Beruhigende Kräuter wie Johanniskraut, Haferstroh, Zitronenmelisse und Helmkraut sind die Klassiker, die ich in meiner Praxis verwende.

 

Beruhigende Nerventeemischung: Gleiche Teile Johanniskraut und Helmkraut, ½ Menge Zitronenmelisse und Haferstroh. 1 EL pro Tasse - 2-3 Tassen täglich.

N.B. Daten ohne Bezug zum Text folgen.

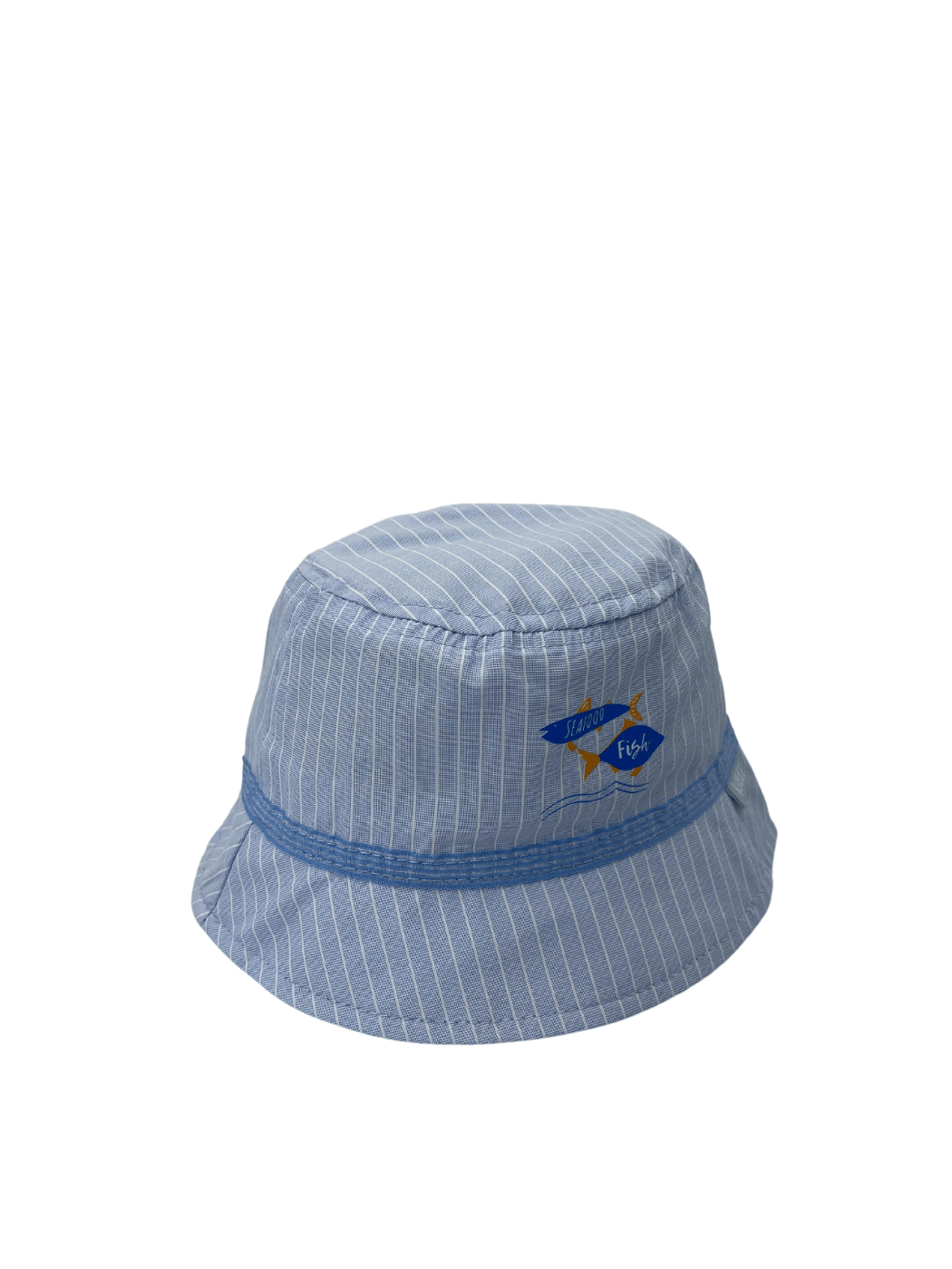 Ριγέ καπέλο με στάμπα ψαράκια στο μπροστινό μέρος.

Bild: Hummus mit schwarzem Sesam & Leinsamen
Bild: Hummus mit schwarzem Sesam & Leinsamen

Ernährung

Ausreichend essentielle Fettsäuren: Omega 3 Fettsäuren sind besonders wichtig - gute Quellen: grasgefütterte, tierische Produkte, Fisch, Eier von Hühnern, die nicht nur mit Korn und Getreide ernährt werden, Algen, Leinsamen, Chia Samen.

 

Tryptophanreiche Lebensmittel: Truthahn, Hühner, Eier und besonders wichtig für VegetarierInnen Bohnen (besonders Kidneybohnen) und Linsen.

 

 

Blutzuckerspiegel regulieren: Komplexe Kohlehydrate und Ballaststoffe mit guten Fetten mischen. Z.B. Süßkartoffelpüree mit Kokusnussöl, Hirse und Quinoa, Salate mit reichhaltigem Olivenöldressing


Siehe Rezept- Brain bossting Energiekugerl 


Viel Zeit in der Natur verbringen- 'Nature deficit disorder' ist die neue Zivilisationskrankheit. Kräuter sammeln und dann verarbeiten ist besonders ausgleichend- und effizient! 

 

Auf Genügend Schlaf, Regelmässige Bewegung, Achtsamkeit und Meditationen auch nicht vergessen!

 

 

 

 

 

 

Die Empfehlungen in diesem Blog ersetzen nicht den Arztbesuch und bei Medikamenteneinnahme vor Einnahme von Kräutern immer mit einer Fachperson absprechen.